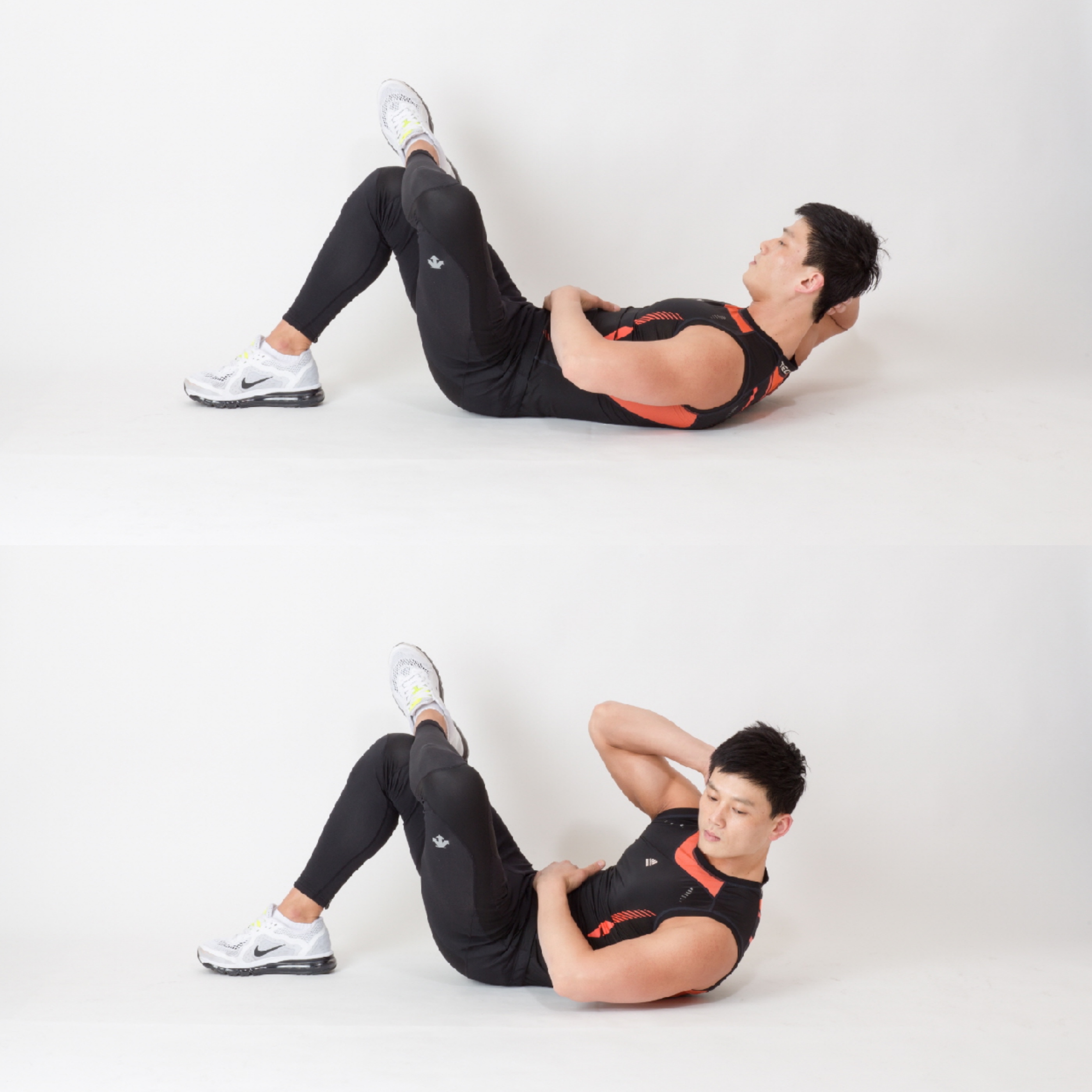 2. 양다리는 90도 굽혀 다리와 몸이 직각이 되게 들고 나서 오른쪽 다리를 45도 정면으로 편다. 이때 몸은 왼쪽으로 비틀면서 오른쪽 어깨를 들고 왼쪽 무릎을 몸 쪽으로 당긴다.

* * *

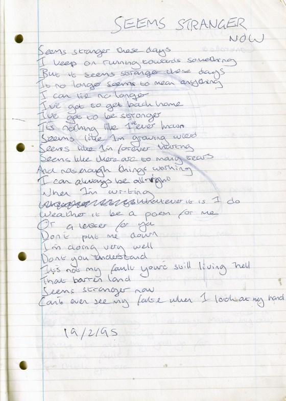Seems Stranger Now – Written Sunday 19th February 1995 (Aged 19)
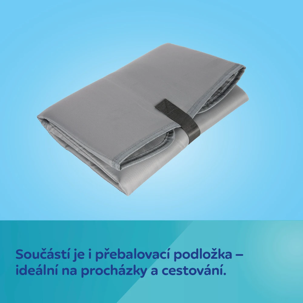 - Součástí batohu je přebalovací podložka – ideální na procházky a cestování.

EXERCISE DIRECTIONS
Keep to the lines above from the line with "Seems Stranger Now" to the line with "- Součástí batohu", and set down exactly those, inclusive, with nothing else and every picture left out.

SOLUTION TO THIS PROBLEM
Seems Stranger Now – Written Sunday 19th February 1995 (Aged 19)
 - Součástí batohu je přebalovací podložka – ideální na procházky a cestování.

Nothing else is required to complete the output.